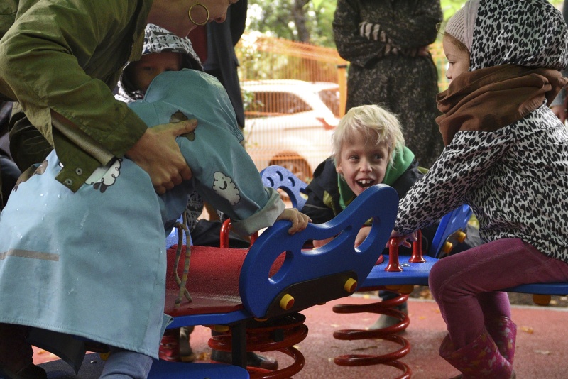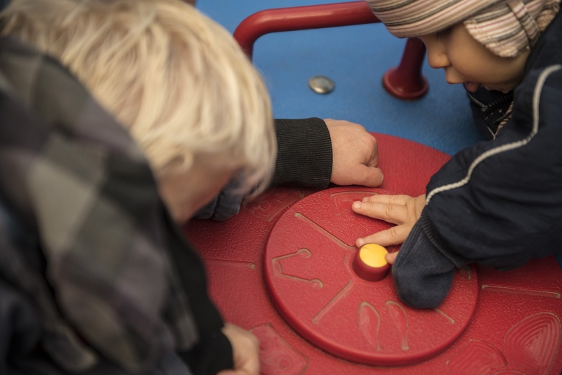 Inkluderande gungbräda med fjädrar för barn med olika funktionsförmåga.
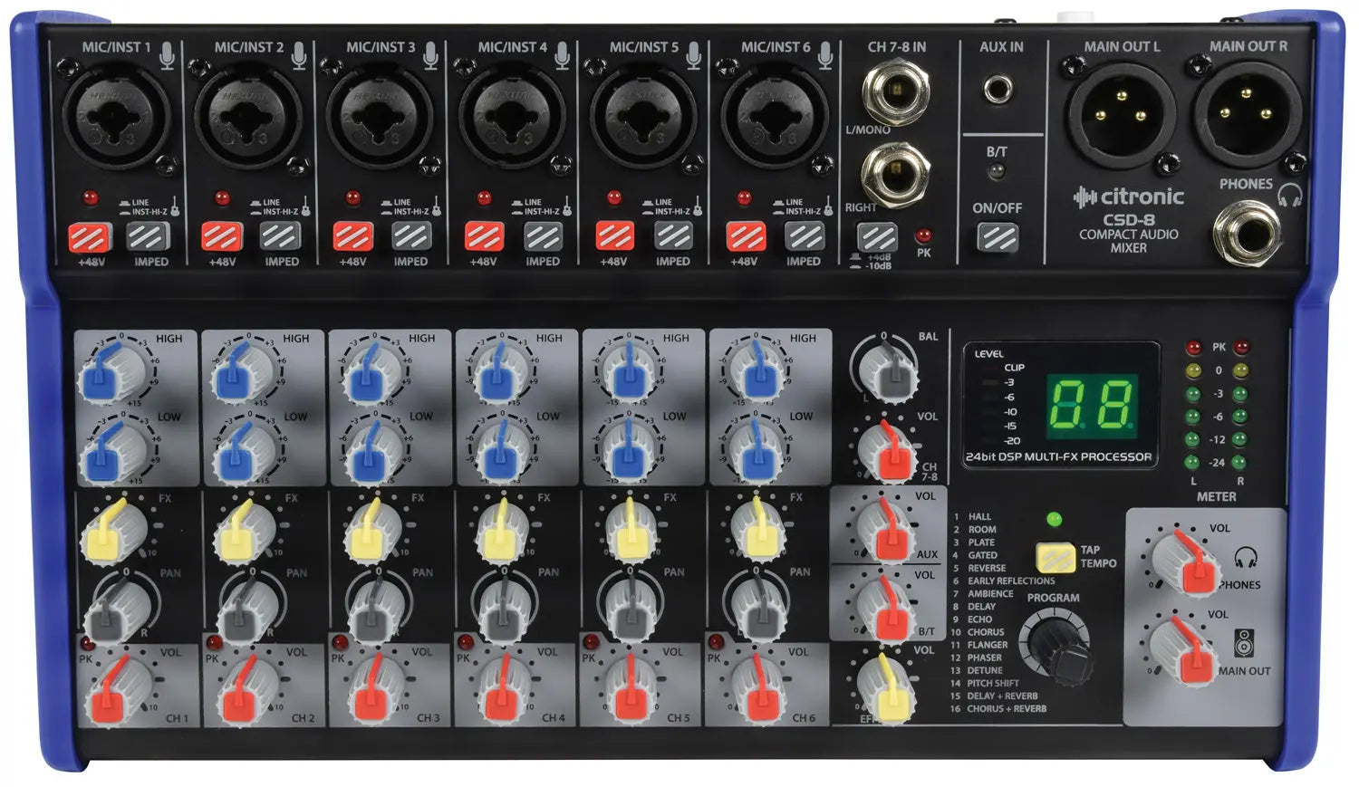 Compact format audio mixer with 2 4 or 6 mono input channels and a stereo line input. Each mono channel has a combo XLRjack input with individually switchable micinstrument impedance and +48V phantom power for the XLR. Input channels have HighLow EQ and Pan controls. The Bluetooth pairing button enables wireless connection to a smart phone or tablet for playback. All CSD mixers feature a 16 program DSP effects section with digital reverbs delays and modulation effects for vocals and instruments. Output is delivered on a pair of balanced XLR connectors and offers very low noise operation for high quality studio or live performances.Bluetooth pairing for smartphone or tablet 16 program 24-bit DSP effects engine Individually switchable +48V phantom power Supplied with DC power adaptor
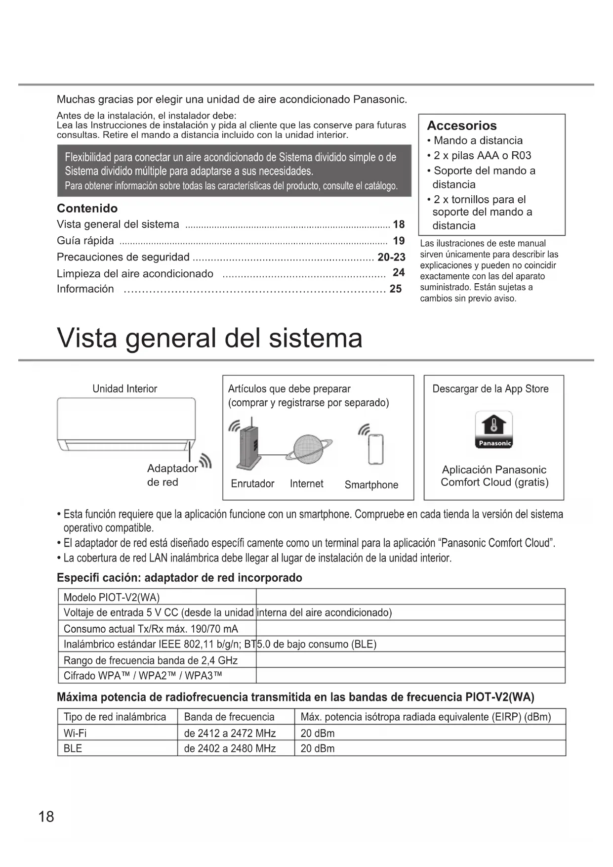 La cobertura de red LAN inalámbrica debe llegar al lugar de instalación de la unidad interior. Panasonic Descargar de la App Store Enrutador Internet Smartphone Artículos que debe preparar (comprar y registrarse por separado) Aplicación Panasonic Comfort Cloud (gratis) Unidad Interior Adaptador de red Modelo PIOT-V2(WA) Voltaje de entrada 5 V CC (desde la unidad interna del aire acondicionado) Consumo actual Tx/Rx máx. 190/70 mA Inalámbrico estándar IEEE 802,11 b/g/n; BT5.0 de bajo consumo (BLE) Rango de frecuencia banda de 2,4 GHz Cifrado WPA™ / WPA2™ / WPA3™ Especifi cación: adaptador de red incorporado Máxima potencia de radiofrecuencia transmitida en las bandas de frecuencia PIOT-V2(WA) Tipo de red inalámbrica Banda de frecuencia Máx. potencia isótropa radiada equivalente (EIRP) (dBm) Wi-Fi de 2412 a 2472 MHz 20 dBm BLE de 2402 a 2480 MHz 20 dBm19
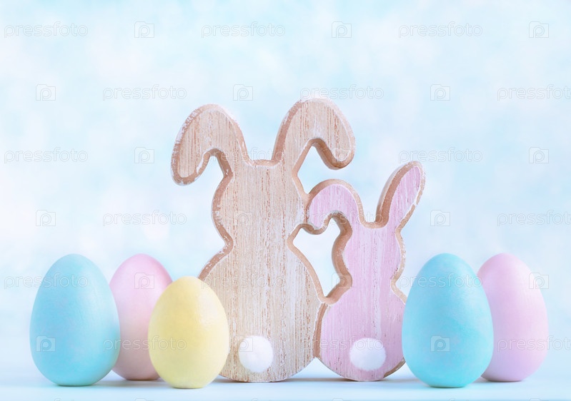 Силуэты пасхальных кроликов со спины с цветными пастельными яйцами. Мягкий фокус, пространство для копирования

_ _ _ _ _

> **Work instructions**
Copy the material above exactly and drop the pictures.

> **Exercise result**
 Inkluderande gungbräda med fjädrar för barn med olika funktionsförmåga.
 Compact format audio mixer with 2 4 or 6 mono input channels and a stereo line input. Each mono channel has a combo XLRjack input with individually switchable micinstrument impedance and +48V phantom power for the XLR. Input channels have HighLow EQ and Pan controls. The Bluetooth pairing button enables wireless connection to a smart phone or tablet for playback. All CSD mixers feature a 16 program DSP effects section with digital reverbs delays and modulation effects for vocals and instruments. Output is delivered on a pair of balanced XLR connectors and offers very low noise operation for high quality studio or live performances.Bluetooth pairing for smartphone or tablet 16 program 24-bit DSP effects engine Individually switchable +48V phantom power Supplied with DC power adaptor
 La cobertura de red LAN inalámbrica debe llegar al lugar de instalación de la unidad interior. Panasonic Descargar de la App Store Enrutador Internet Smartphone Artículos que debe preparar (comprar y registrarse por separado) Aplicación Panasonic Comfort Cloud (gratis) Unidad Interior Adaptador de red Modelo PIOT-V2(WA) Voltaje de entrada 5 V CC (desde la unidad interna del aire acondicionado) Consumo actual Tx/Rx máx. 190/70 mA Inalámbrico estándar IEEE 802,11 b/g/n; BT5.0 de bajo consumo (BLE) Rango de frecuencia banda de 2,4 GHz Cifrado WPA™ / WPA2™ / WPA3™ Especifi cación: adaptador de red incorporado Máxima potencia de radiofrecuencia transmitida en las bandas de frecuencia PIOT-V2(WA) Tipo de red inalámbrica Banda de frecuencia Máx. potencia isótropa radiada equivalente (EIRP) (dBm) Wi-Fi de 2412 a 2472 MHz 20 dBm BLE de 2402 a 2480 MHz 20 dBm19
 Силуэты пасхальных кроликов со спины с цветными пастельными яйцами. Мягкий фокус, пространство для копирования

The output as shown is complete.